Task: Repeat the listing below in full and exactly. Pictures are to be omitted.

Exercise data:

= Beginning of Section =

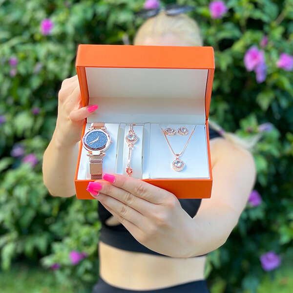 Všetko, čo žena potrebuje, aby sa cítila a vyzerala očarujúco. Úžasná sada s luxusnými hodinkami, náhrdelníkom, náramkom a náušnicami.
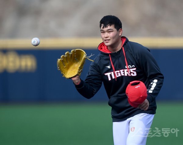 KIA 타이거즈가 13일 전남 함평 기아챌린저스필드에서 2022 스프링캠프를 가졌다. 최지민이 볼을 받고 있다.
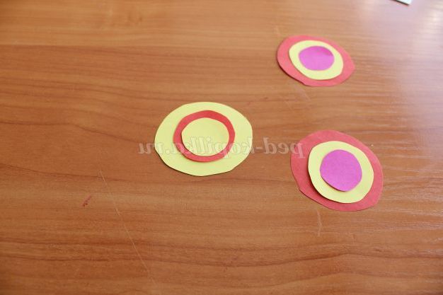 Далі готові різнокольорові гуртки наклеює на підставу стебла і вставляє в кишеню листівки. Робота готова.
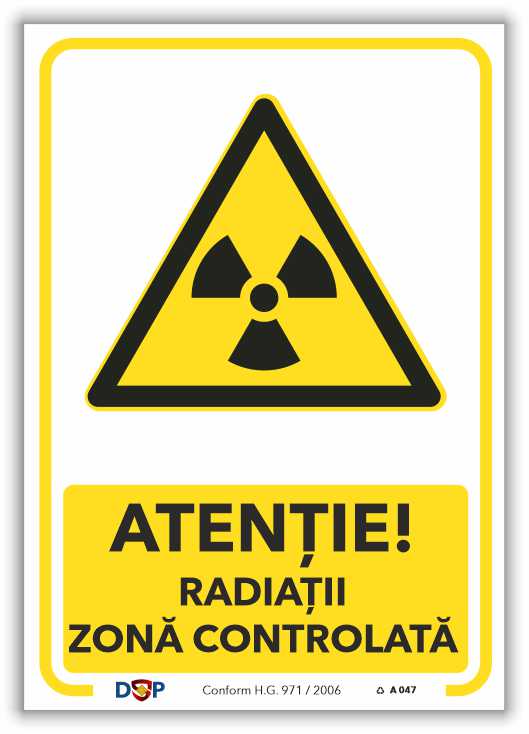 RADIAȚII MATERIALE ZONĂ CONTROLATĂ RADIOACTIVE – indicator Avertizare pentru semnalizare la locul de muncă.

= End of Section =

Reply:
 Všetko, čo žena potrebuje, aby sa cítila a vyzerala očarujúco. Úžasná sada s luxusnými hodinkami, náhrdelníkom, náramkom a náušnicami.
 KIA 타이거즈가 13일 전남 함평 기아챌린저스필드에서 2022 스프링캠프를 가졌다. 최지민이 볼을 받고 있다.
 Далі готові різнокольорові гуртки наклеює на підставу стебла і вставляє в кишеню листівки. Робота готова.
 RADIAȚII MATERIALE ZONĂ CONTROLATĂ RADIOACTIVE – indicator Avertizare pentru semnalizare la locul de muncă.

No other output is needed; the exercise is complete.